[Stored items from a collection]
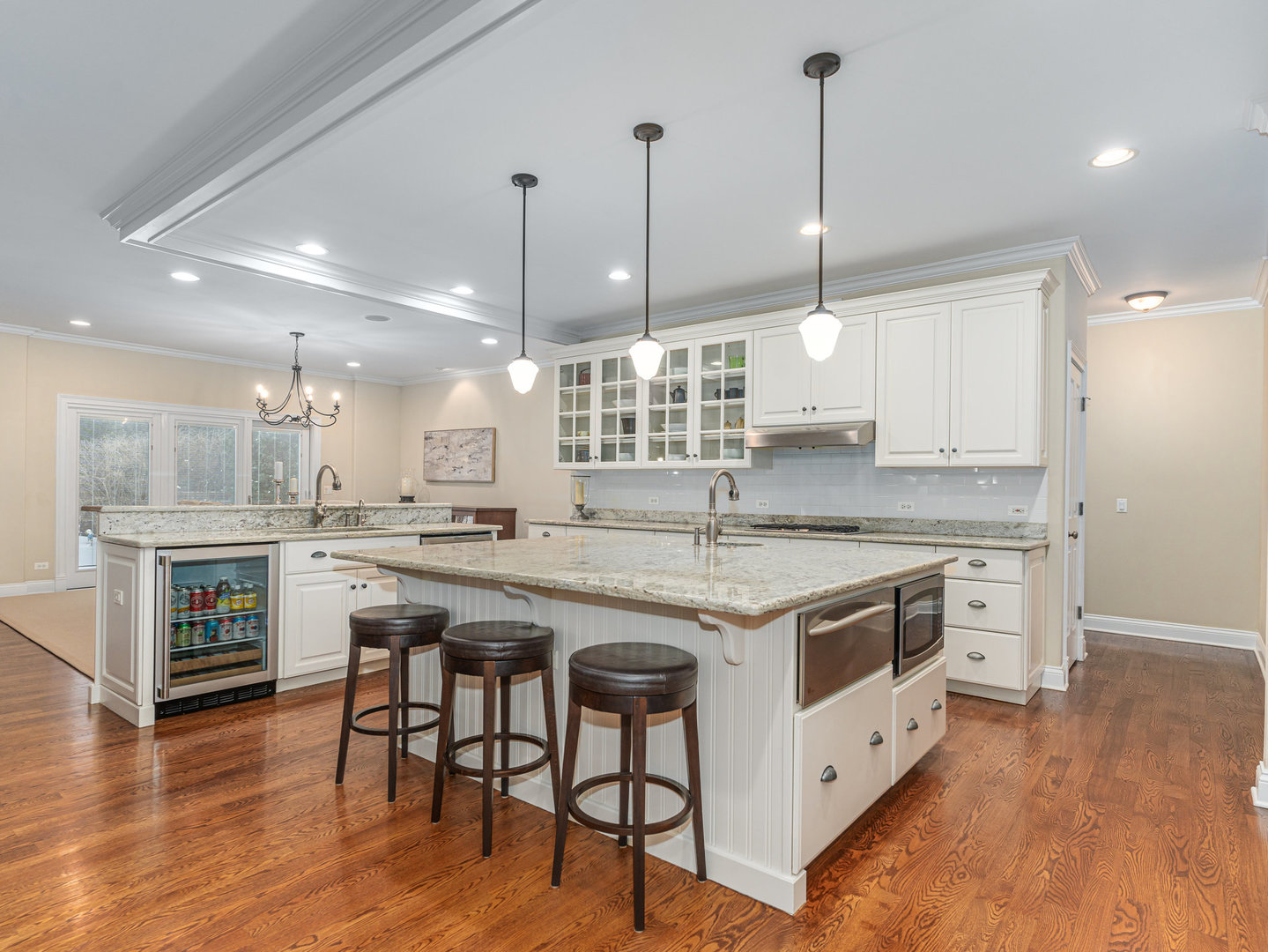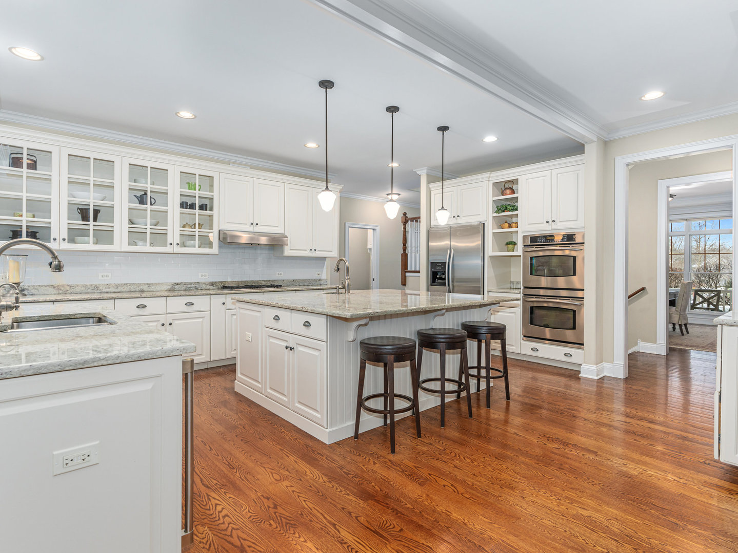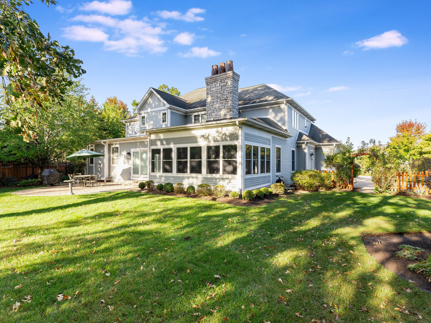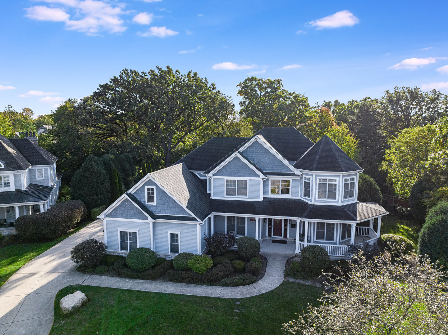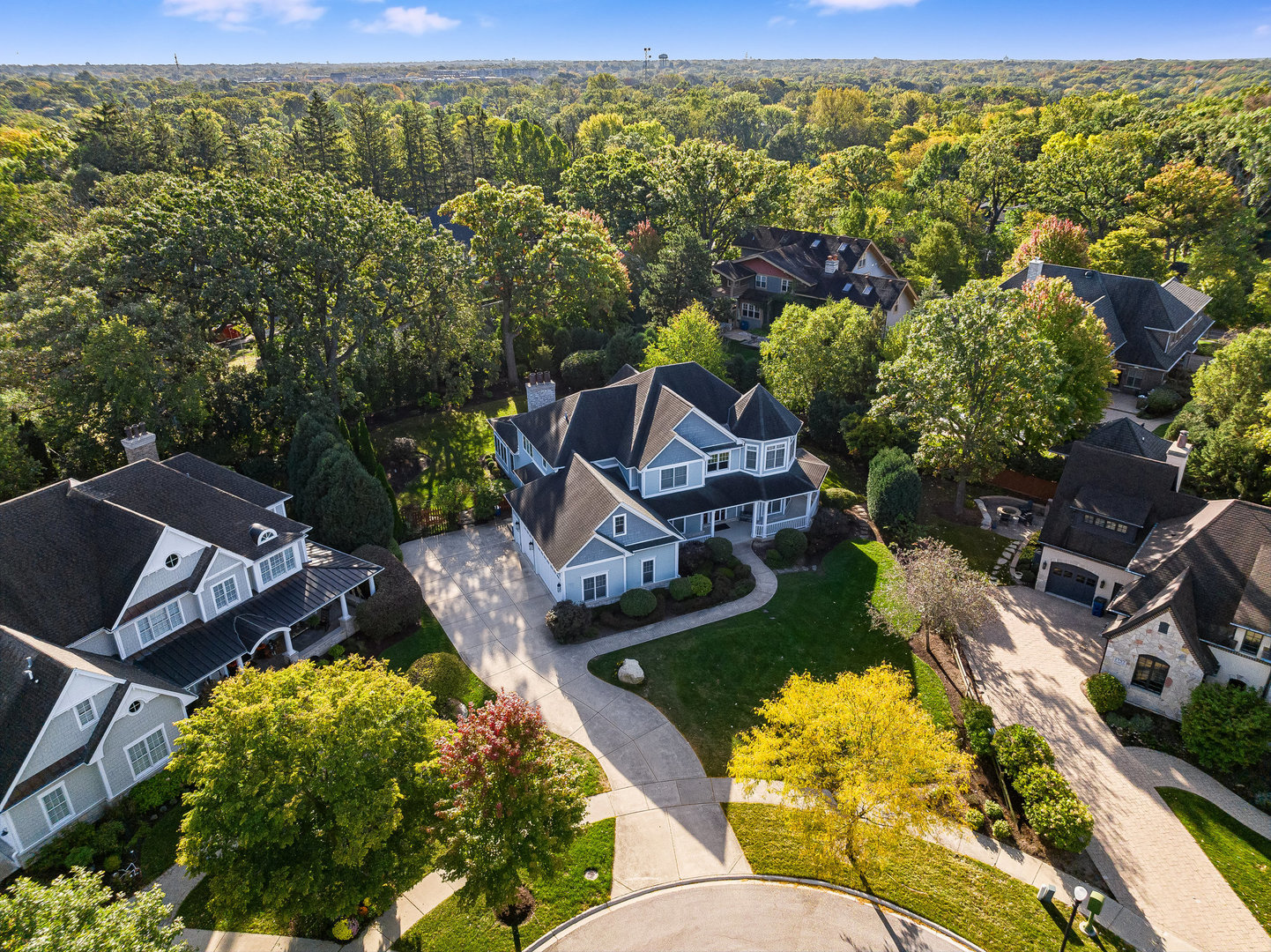 Stunning Luxury Home in Northwest Downers Grove! Nestled at the end of a quiet cul-de-sac, this exceptional home offers over 4,300 square feet of above-ground living space, plus a 2,400-square-foot finished basement, providing ample room for both relaxation and entertainment. Step inside to a flexible open floor plan featuring hardwood floors throughout the main living area. The gourmet kitchen boasts white cabinetry, granite countertops, and stainless steel appliances and seamlessly opens to the family room and dining area. Enjoy cozy evenings in the heated three-season room, which features one of the home's four fireplaces. A rare find, this home includes a first-floor primary suite, complete with its own fireplace, walk-in closet, and spa-like ensuite bathroom with a clawfoot tub and separate shower. Upstairs, you'll find four additional bedrooms, each with its own ensuite bathroom, a loft used as a media room and a laundry closet. The large 1st floor laundry room/mudroom includes a large pet washing station and direct access to the yard. An office, a music room and a powder room complete the 1st floor. The basement includes almost 2,000 square feet of additional living space with radiant heat flooring and includes a 6th bedroom, a full bathroom and a large rec room with a wet bar plus tons of storage space. The professionally landscaped yard also features a large paver patio. Additional features include a central vacuum system, hardwired ethernet to most rooms, a 3 car garage with epoxy flooring, zoned heating and AC (with hepa air filtration and a steam humidifier), 4 fireplaces (family room, primary bedroom basement and 3 season room) a whole house generator, Lutron RadioRa automation for outdoor lights (system is expandable to accommodate more light switches), reverse osmosis drinking water system and blinds between the glass in many windows. Fantastic location- close to all schools, downtown Downers Grove, shopping, restaurants and entertainment.
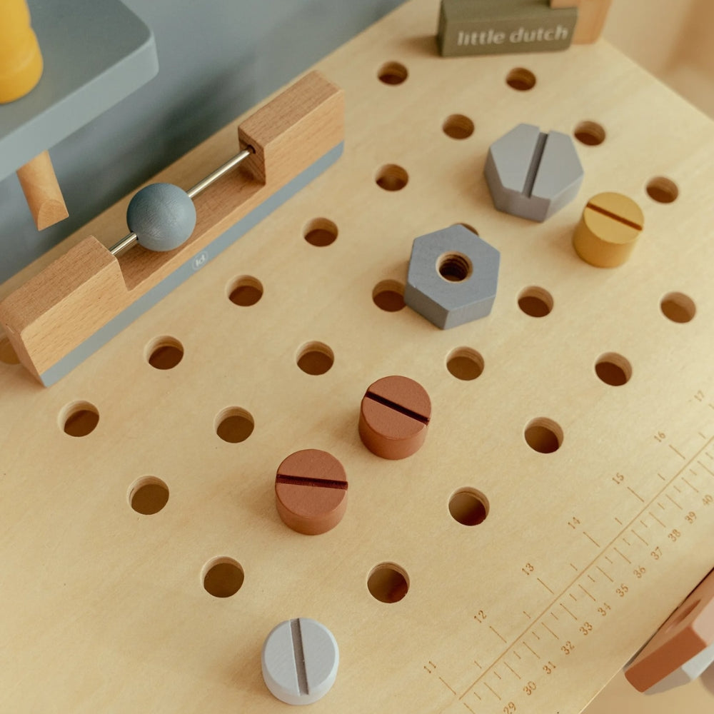 Warsztat z narzędziami Little Dutch to solidna, drewniana zabawka stworzona z myślą o małych majsterkowiczach, którzy uwielbiają naśladować dorosłych i tworzyć własne konstrukcje.
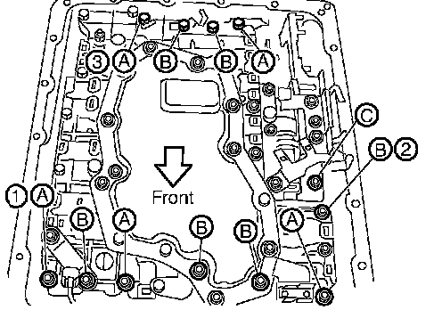 h. Install bolts A, B and C to control valve with TCM.
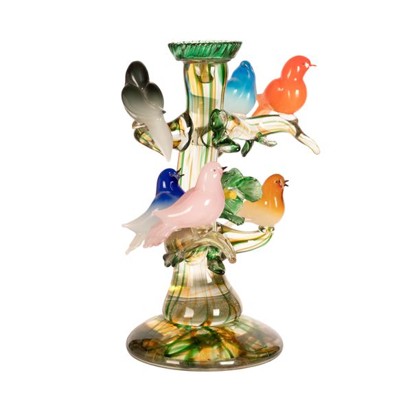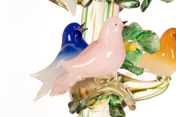 Scultura in vetro soffiato raffigurante 6 uccelli su un albero
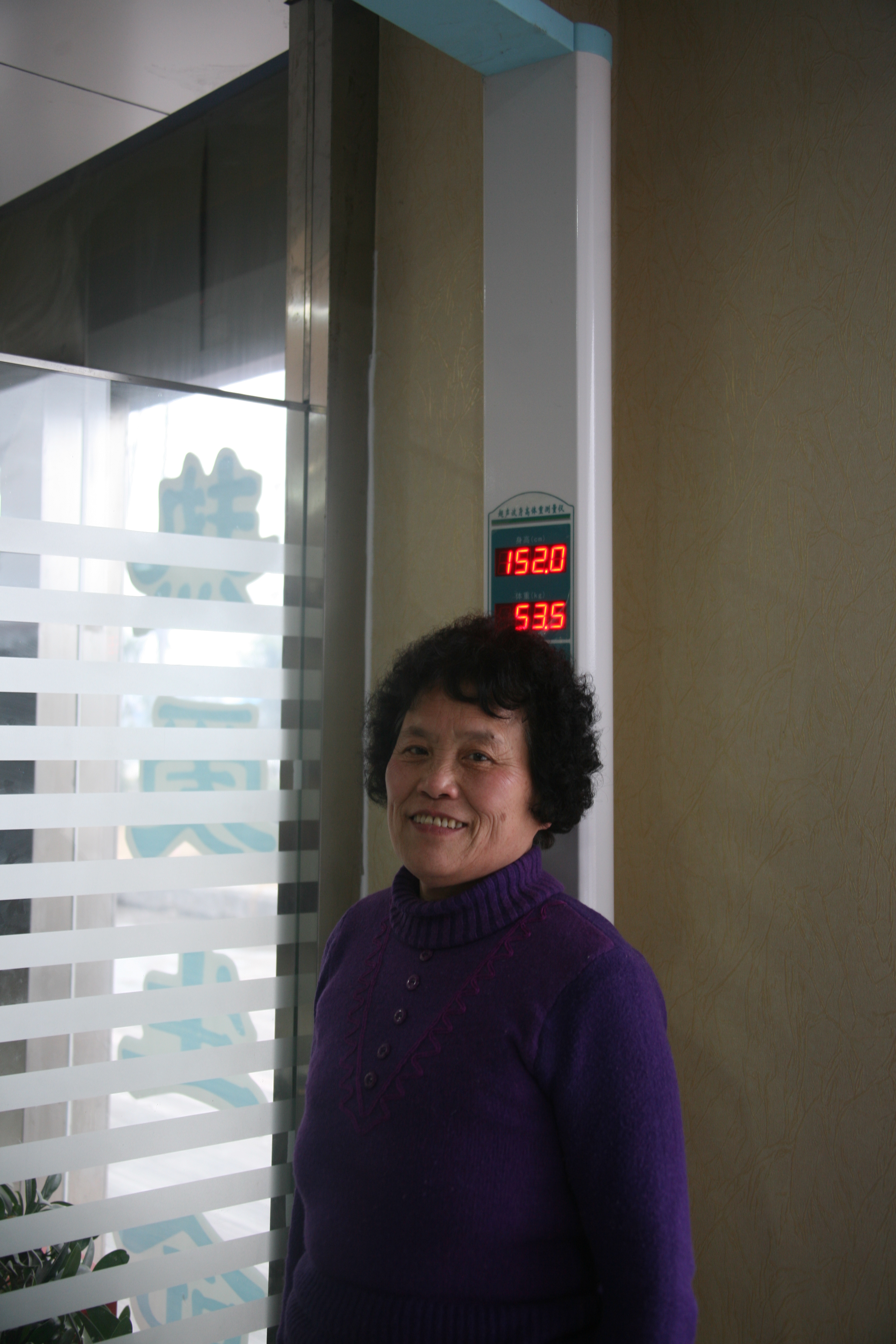 圖為女工在測量身高、體重
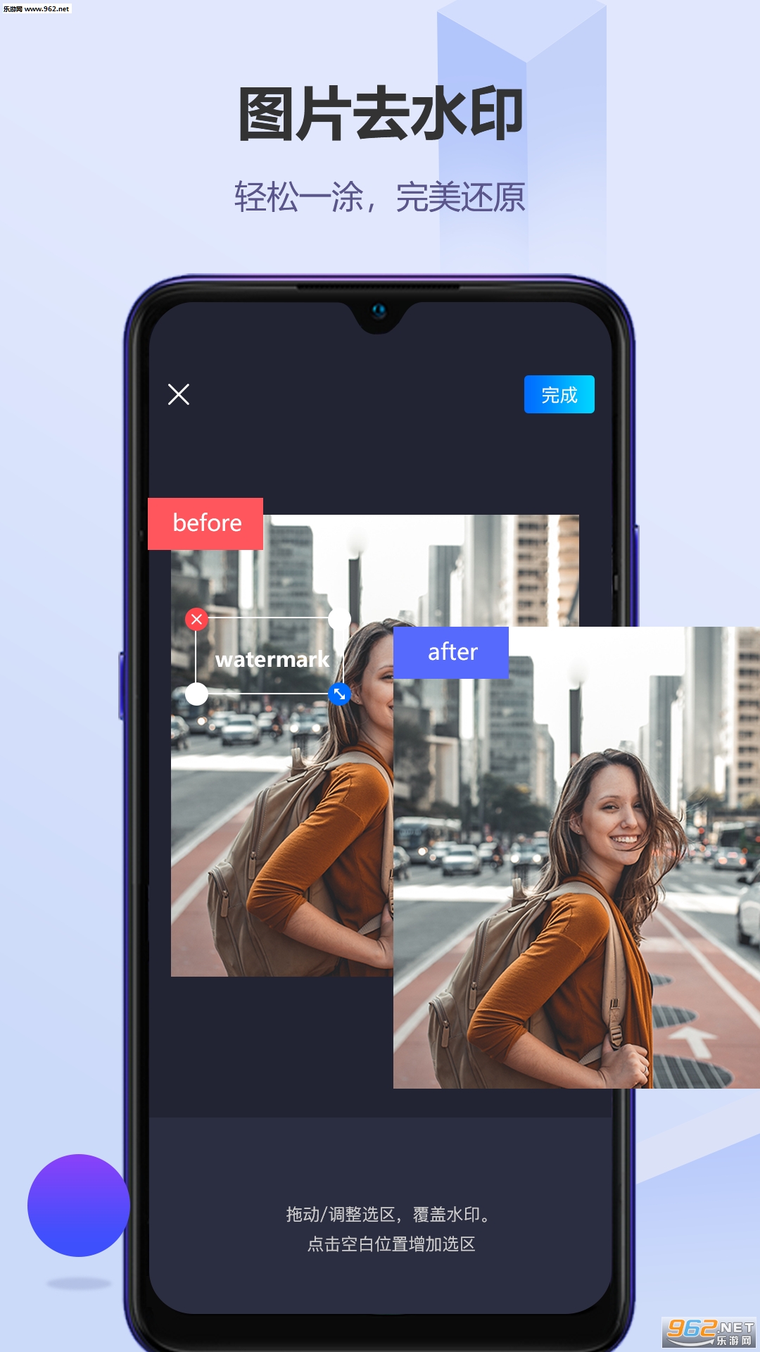 《无痕去水印安卓版》是一款非常方便实用的去水印工具,操作方式还是很简单的,功能也十分的丰富和齐全,用户们通过轻松的手指点击即可操作,感兴趣的亲们赶紧下载吧。
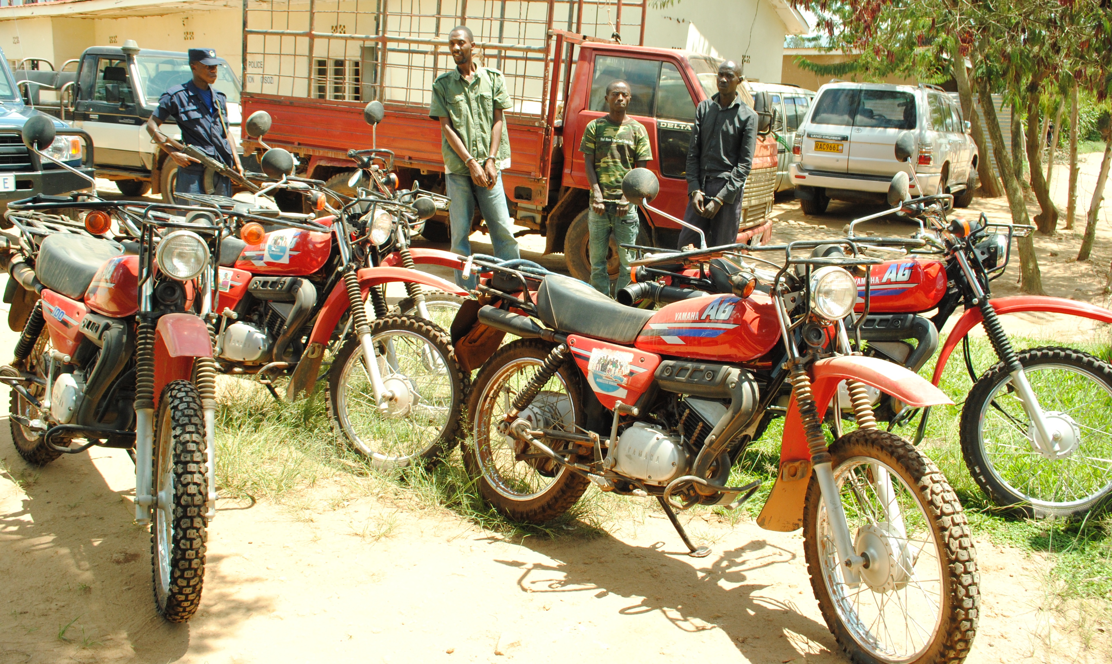 Aba bafashwe harimo uwari usanzwe acunga umutekano kuri iryo shyirahamwe, uwashakiye moto isoko, n’uwatwaraga imodoka yari yaje gupakira izo moto, bakaba bafungiye kuri sitasiyo ya Polisi ya Gisozi.
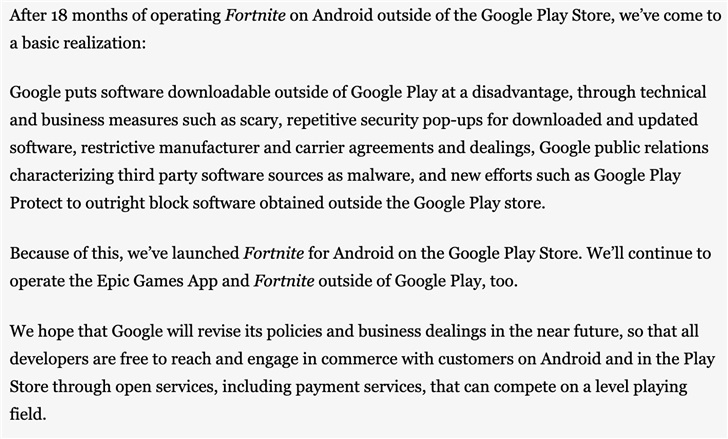 Epic表示,他们之所以这样做,是因为谷歌通过警告用户可能不存在的潜在安全问题,并将任何未通过Play Store发布的软件定性为恶意软件,使第三方软件处于不利地位。
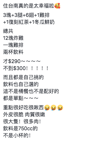 台南買「13塊炸雞+2杯飲料」只要290元 妹子點法曝光:太幸福啦
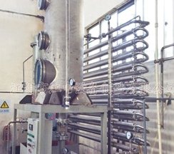 目前,针对热敏性料液的浓缩,常规浓缩装置的低温度 只能40~50℃,导致很多需要浓缩的料液因高温失去活性, 有些甚至料液的结构遭受破坏,失去料液的商品价值,对 原料也造成很大的浪费。鉴于此,我公司新研发生产的一 种新型强制循环的低温浓缩装置,可以实现低温度在 25℃的温度下进行提取,在强制循环的作用下,料液和热 源在低的传热温差下(低传热温差只需要3~4℃), 对料液进行非常温和的传热,在低的温度下(低25℃) 对料液进行蒸发浓缩,以大限度的保持物料的原有品质 和风味不被破坏的前提下,使得料液得到浓缩。该装置紧 凑,占地面积小、所需空间也小,操作方便,容易实现工 业自动化控制,对于高粘度的料液和容易发泡料液的低温 浓缩也适应,解决了目前超低温浓缩的难题。
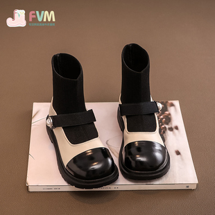女宝宝加绒公主皮靴 秋冬季 女童鞋 子儿童马丁小短靴子袜靴2025新款

→ **BRIEF**:
An exact repeat of all the data is required, pictures excluded.

→ **ANSWER TO THIS EXERCISE**:
 Stunning Luxury Home in Northwest Downers Grove! Nestled at the end of a quiet cul-de-sac, this exceptional home offers over 4,300 square feet of above-ground living space, plus a 2,400-square-foot finished basement, providing ample room for both relaxation and entertainment. Step inside to a flexible open floor plan featuring hardwood floors throughout the main living area. The gourmet kitchen boasts white cabinetry, granite countertops, and stainless steel appliances and seamlessly opens to the family room and dining area. Enjoy cozy evenings in the heated three-season room, which features one of the home's four fireplaces. A rare find, this home includes a first-floor primary suite, complete with its own fireplace, walk-in closet, and spa-like ensuite bathroom with a clawfoot tub and separate shower. Upstairs, you'll find four additional bedrooms, each with its own ensuite bathroom, a loft used as a media room and a laundry closet. The large 1st floor laundry room/mudroom includes a large pet washing station and direct access to the yard. An office, a music room and a powder room complete the 1st floor. The basement includes almost 2,000 square feet of additional living space with radiant heat flooring and includes a 6th bedroom, a full bathroom and a large rec room with a wet bar plus tons of storage space. The professionally landscaped yard also features a large paver patio. Additional features include a central vacuum system, hardwired ethernet to most rooms, a 3 car garage with epoxy flooring, zoned heating and AC (with hepa air filtration and a steam humidifier), 4 fireplaces (family room, primary bedroom basement and 3 season room) a whole house generator, Lutron RadioRa automation for outdoor lights (system is expandable to accommodate more light switches), reverse osmosis drinking water system and blinds between the glass in many windows. Fantastic location- close to all schools, downtown Downers Grove, shopping, restaurants and entertainment.
 Warsztat z narzędziami Little Dutch to solidna, drewniana zabawka stworzona z myślą o małych majsterkowiczach, którzy uwielbiają naśladować dorosłych i tworzyć własne konstrukcje.
 h. Install bolts A, B and C to control valve with TCM.
 Scultura in vetro soffiato raffigurante 6 uccelli su un albero
 圖為女工在測量身高、體重
 《无痕去水印安卓版》是一款非常方便实用的去水印工具,操作方式还是很简单的,功能也十分的丰富和齐全,用户们通过轻松的手指点击即可操作,感兴趣的亲们赶紧下载吧。
 Aba bafashwe harimo uwari usanzwe acunga umutekano kuri iryo shyirahamwe, uwashakiye moto isoko, n’uwatwaraga imodoka yari yaje gupakira izo moto, bakaba bafungiye kuri sitasiyo ya Polisi ya Gisozi.
 Epic表示,他们之所以这样做,是因为谷歌通过警告用户可能不存在的潜在安全问题,并将任何未通过Play Store发布的软件定性为恶意软件,使第三方软件处于不利地位。
 台南買「13塊炸雞+2杯飲料」只要290元 妹子點法曝光:太幸福啦
 目前,针对热敏性料液的浓缩,常规浓缩装置的低温度 只能40~50℃,导致很多需要浓缩的料液因高温失去活性, 有些甚至料液的结构遭受破坏,失去料液的商品价值,对 原料也造成很大的浪费。鉴于此,我公司新研发生产的一 种新型强制循环的低温浓缩装置,可以实现低温度在 25℃的温度下进行提取,在强制循环的作用下,料液和热 源在低的传热温差下(低传热温差只需要3~4℃), 对料液进行非常温和的传热,在低的温度下(低25℃) 对料液进行蒸发浓缩,以大限度的保持物料的原有品质 和风味不被破坏的前提下,使得料液得到浓缩。该装置紧 凑,占地面积小、所需空间也小,操作方便,容易实现工 业自动化控制,对于高粘度的料液和容易发泡料液的低温 浓缩也适应,解决了目前超低温浓缩的难题。
女宝宝加绒公主皮靴 秋冬季 女童鞋 子儿童马丁小短靴子袜靴2025新款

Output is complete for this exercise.